Ubuntu flavours atau varian rasa Ubuntu dibedakan dengan jenis DE yang diusungnya, meski tidak menutup kemungkinan fitur unggulan yang ditawarkannya, seperti Ubuntu Studio yang fokus pada dunia multimedia dan Ubuntu Kylin yang dikhususkan untuk pengguna dari Negeri Tirai Bambu, China.

Ubuntu adalah proyek induk yang dikembangkan dan disponsori oleh Canonical. Ubuntu yang dikembangkan oleh Canonical menggunakan DE GNOME. Ubuntu menganut paham kebebasan perangkat lunak, untuk itulah, beberapa komunitas besar seperti KDE, LXDE, XFCE, MATE dan Budgie turut mengembangkan Ubuntu dengan sentuhan baru.
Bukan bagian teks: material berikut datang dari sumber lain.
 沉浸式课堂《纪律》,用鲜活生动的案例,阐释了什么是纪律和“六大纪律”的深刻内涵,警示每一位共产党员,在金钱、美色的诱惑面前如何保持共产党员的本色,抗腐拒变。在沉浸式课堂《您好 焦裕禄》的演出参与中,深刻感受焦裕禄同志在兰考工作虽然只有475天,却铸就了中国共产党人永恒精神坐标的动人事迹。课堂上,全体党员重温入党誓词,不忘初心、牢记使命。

Anda dapat memeriksa daftar varian Ubuntu di situs resminya di tautan ini.

Berikut ini pembahasan mengenai enam lingkungan desktop yang didukung oleh Ubuntu:

Lingkungan Desktop GNOME

DE Ubuntu 18.04, sumber: ubuntu.com

GNOME adalah nama dari lingkungan desktop yang dikembangkan oleh Yayasan GNOME. GNOME menawarkan banyak hal kepada para penggunaya, diantaranya, kemudahan dalam penggunaan, pengguna sebagai pemegang kendali perangkatnya, dibuat dengan halus, dan kemudahan untuk mengakses semua data daring Anda.

GNOME tersedia sebagai perangkat lunak bebas, dimana pengguna atau Anda bisa mendapatkan kode sumbernya, memodifikasinya hingga menjadi turunan perangkat lunak baru. Semua tersedia secara bebas, bukan gratis.
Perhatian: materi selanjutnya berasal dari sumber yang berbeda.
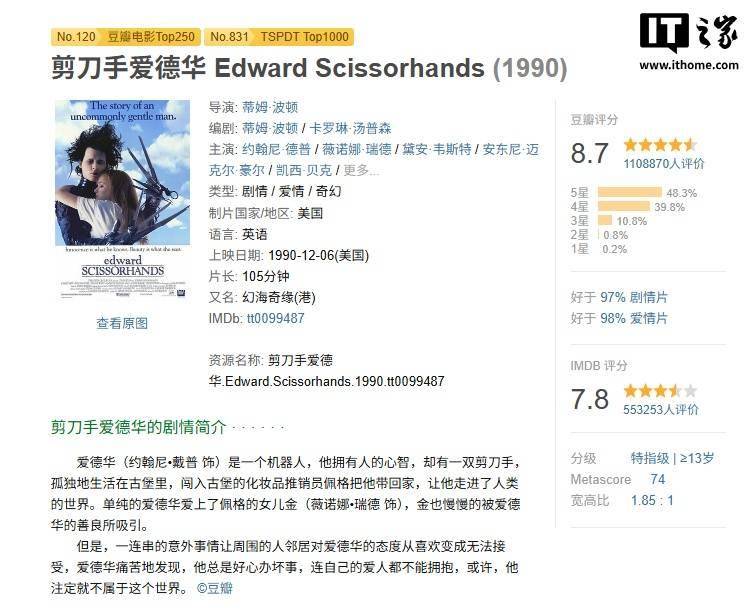 IT之家 10 月 8 日消息,随着万圣节临近,20 世纪影业宣布推出蒂姆・伯顿执导、约翰尼・德普主演的影视经典《剪刀手爱德华》35 周年纪念版。
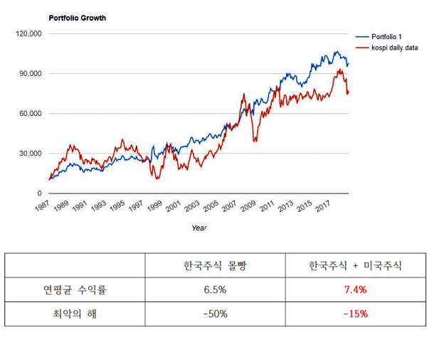 실제로 1987년부터 2017년까지 한국주식에만 투자한 것(빨간색)보다 한국주식과 미국채권을 반반씩 투자한(파란색) 포트폴리오가 훨씬 안정적이고 꾸준하게 수익을 내는 모습을 볼 수 있습니다.
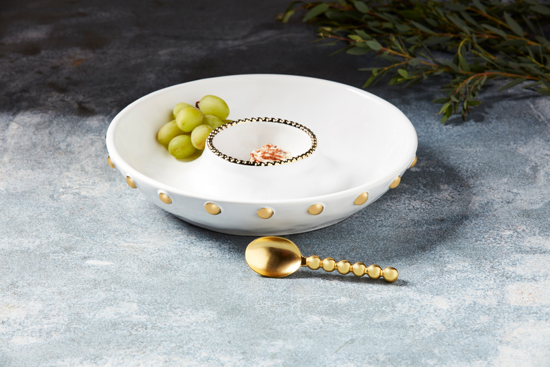 Stunning 2-piece set for serving snacks and dips Mottled ceramic chip and dip server with hand-painted bead detail Includes stainless steel spoon with bead handle Made from high-quality dolomite for durability
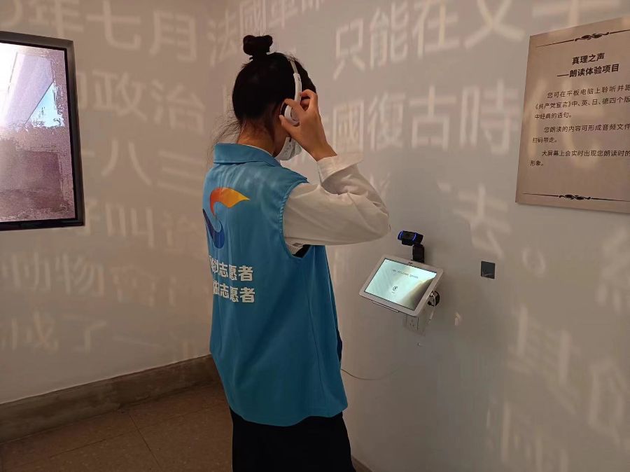 又新印刷所是印刷《共产党宣言》首个中文全译本的旧址,现位于黄浦区复兴中路221弄12号,展出了100本不同语种、不同年代版本的《共产党宣言》真品。22文物1班志愿者团队总共有30人,同学们从接待、背词到现在的讲解,通过志愿服务,他们也可以提高自己的能力和素质。
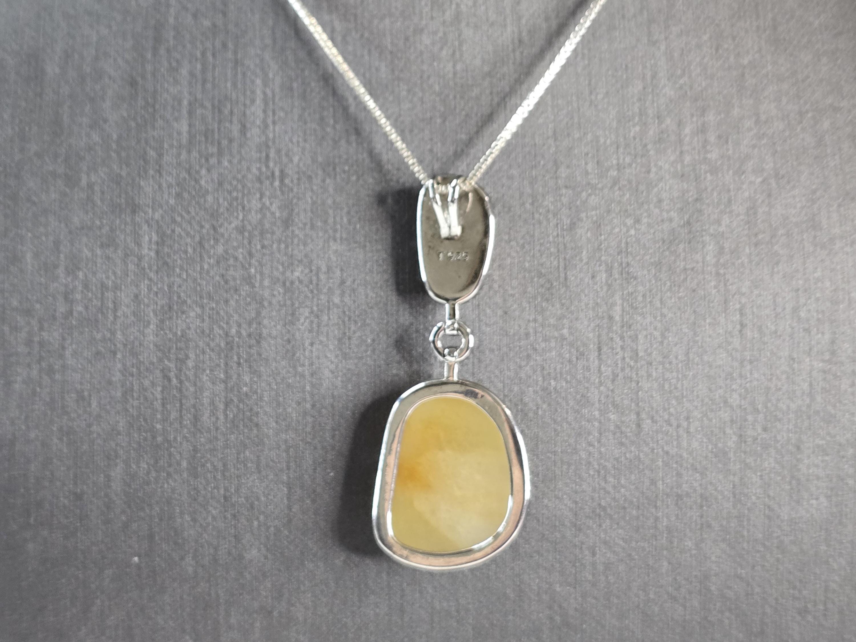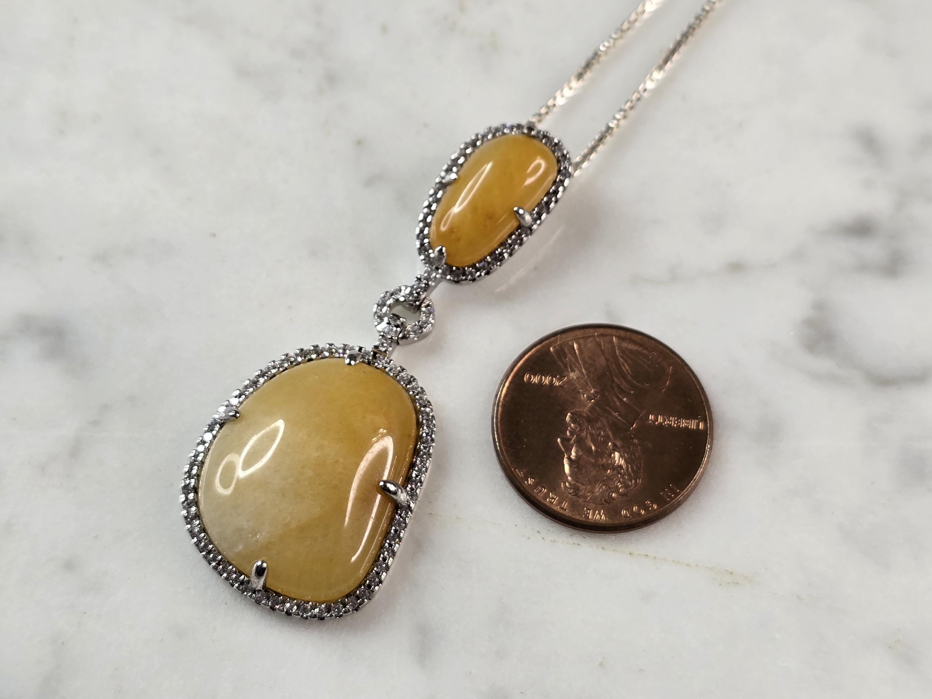 A WOMEN STERLING SILVER NECKLACE WITH WHAT APPEARS TO BE A CALCITE & CZ PENDANT. THE PENDANT MEASURES 2" BY 3/4". THE NECKLACE MEASURES 18" LONG. TOGETHER THEY WEIGH 10.8g. NOT SURE IF THE STONE IS NATURAL OR MAN MADE. THIS WOULD MAKE A LOVELY GIFT FOR THAT SOMEONE SPECIAL. ANY QUESTIONS PLEASE ASK. BE SURE TO CHECK OUT SOME OF MY OTHER GREAT ITEMS UP FOR SALE. THANK YOU

GNOME membawa beberapa aplikasi yang khas, Gedit, Chesee, Brasero, Rhythmbox, Totem, Kontak, Shotwell, Nautilus, Terminal, Sistem Monitor, Eye of GNOME, GNOME Recipes, dan masih banyak lagi.

Lingkungan Desktop MATE

Tampilan lingkungan desktop MATE di Ubuntu 18.04, sumber ubuntu-mate.org

Lingkungan desktop MATE masih termasuk keluarga dari lingkungan desktop GNOME, lebih tepatnya GNOME 2 (gnome classic), namun karena pengembangan GNOME 2 kini lebih fokus ke GNOME 3 (gnome shell) dan kode sumber masih tersedia bebas maka perkembangan GNOME 2 dilanjutkan oleh komunitas MATE dan menjadi lingkungan desktop MATE.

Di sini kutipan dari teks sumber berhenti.